━━━━━ Supplied material

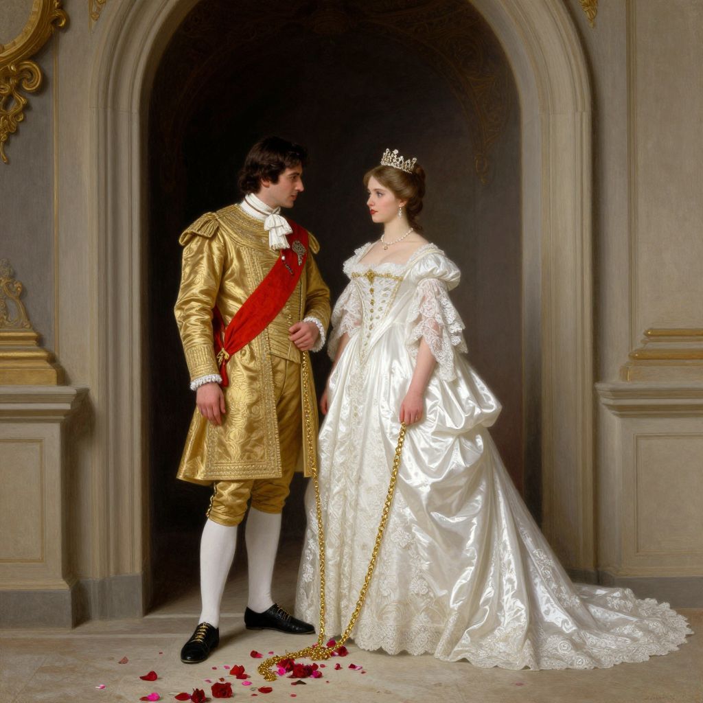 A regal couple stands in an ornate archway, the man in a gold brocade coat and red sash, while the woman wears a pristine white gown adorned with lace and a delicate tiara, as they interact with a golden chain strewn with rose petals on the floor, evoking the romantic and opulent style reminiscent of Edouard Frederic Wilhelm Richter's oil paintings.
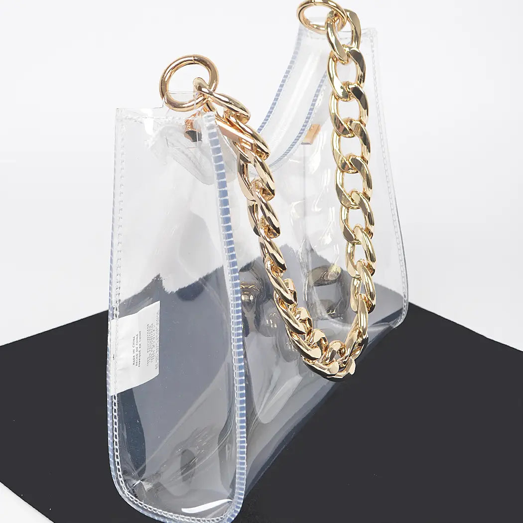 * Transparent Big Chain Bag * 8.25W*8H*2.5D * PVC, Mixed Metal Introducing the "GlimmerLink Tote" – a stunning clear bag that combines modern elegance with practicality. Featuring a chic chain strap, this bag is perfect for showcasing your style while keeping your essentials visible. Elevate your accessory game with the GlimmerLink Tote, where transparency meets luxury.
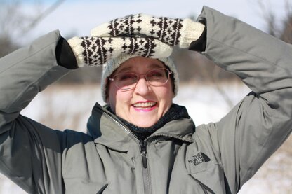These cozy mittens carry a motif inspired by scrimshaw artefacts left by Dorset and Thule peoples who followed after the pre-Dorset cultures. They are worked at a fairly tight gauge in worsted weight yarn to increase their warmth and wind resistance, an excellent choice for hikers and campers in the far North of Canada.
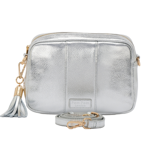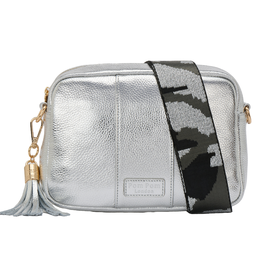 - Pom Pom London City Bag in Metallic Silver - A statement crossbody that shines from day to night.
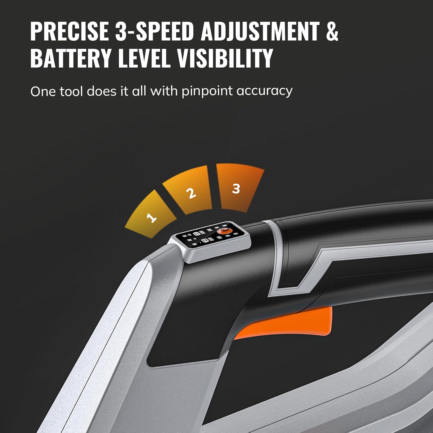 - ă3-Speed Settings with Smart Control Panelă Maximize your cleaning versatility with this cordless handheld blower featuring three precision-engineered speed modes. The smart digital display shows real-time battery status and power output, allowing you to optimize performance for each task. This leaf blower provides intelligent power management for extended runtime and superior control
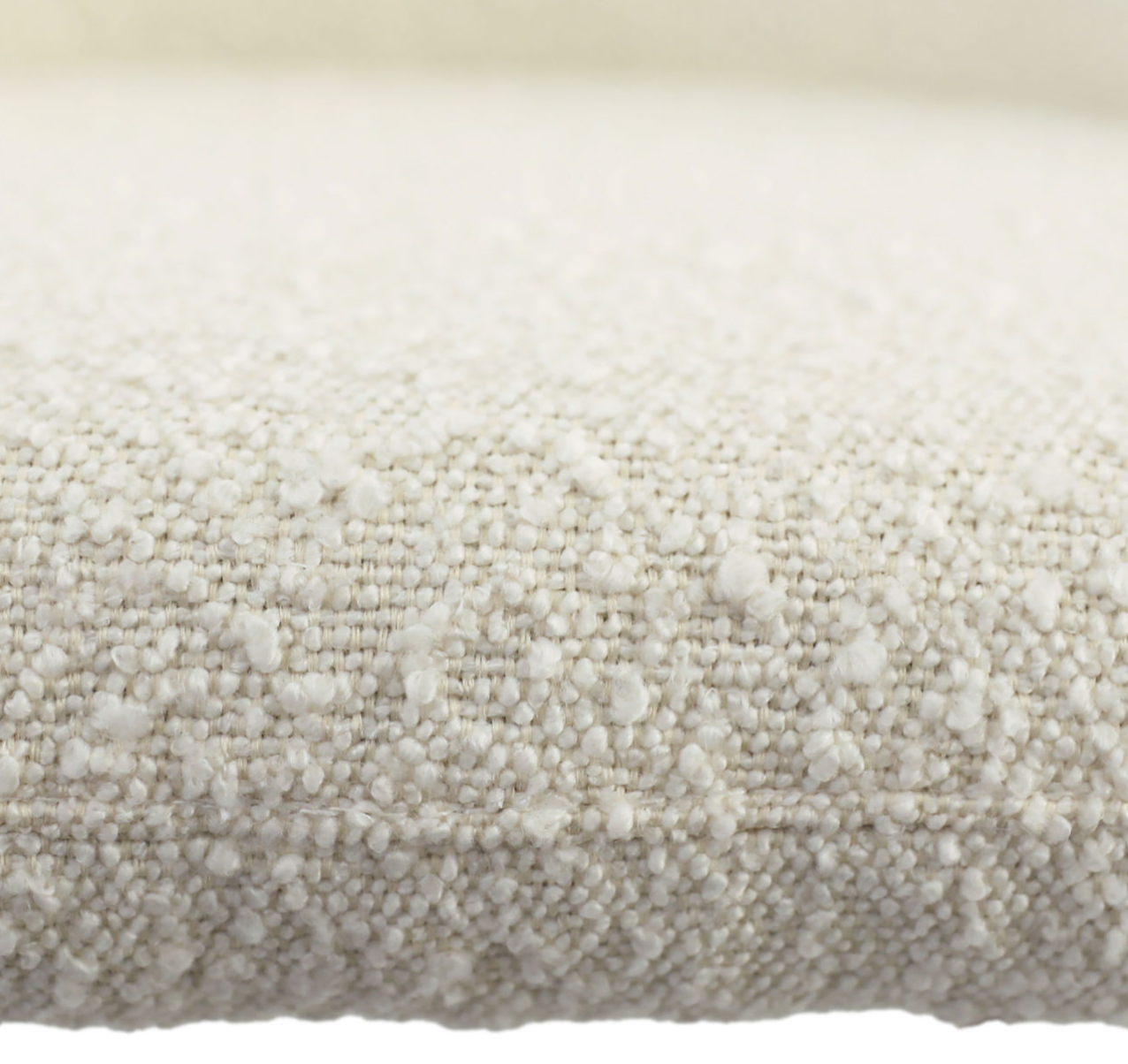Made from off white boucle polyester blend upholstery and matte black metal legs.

━━━━━━━━━━

• _Exercise requirements_
All of the lines above must be repeated without alteration, though the pictures are to be excluded.

• _Solution for this task_
 A regal couple stands in an ornate archway, the man in a gold brocade coat and red sash, while the woman wears a pristine white gown adorned with lace and a delicate tiara, as they interact with a golden chain strewn with rose petals on the floor, evoking the romantic and opulent style reminiscent of Edouard Frederic Wilhelm Richter's oil paintings.
 * Transparent Big Chain Bag * 8.25W*8H*2.5D * PVC, Mixed Metal Introducing the "GlimmerLink Tote" – a stunning clear bag that combines modern elegance with practicality. Featuring a chic chain strap, this bag is perfect for showcasing your style while keeping your essentials visible. Elevate your accessory game with the GlimmerLink Tote, where transparency meets luxury.
These cozy mittens carry a motif inspired by scrimshaw artefacts left by Dorset and Thule peoples who followed after the pre-Dorset cultures. They are worked at a fairly tight gauge in worsted weight yarn to increase their warmth and wind resistance, an excellent choice for hikers and campers in the far North of Canada.
 - Pom Pom London City Bag in Metallic Silver - A statement crossbody that shines from day to night.
 - ă3-Speed Settings with Smart Control Panelă Maximize your cleaning versatility with this cordless handheld blower featuring three precision-engineered speed modes. The smart digital display shows real-time battery status and power output, allowing you to optimize performance for each task. This leaf blower provides intelligent power management for extended runtime and superior control
Made from off white boucle polyester blend upholstery and matte black metal legs.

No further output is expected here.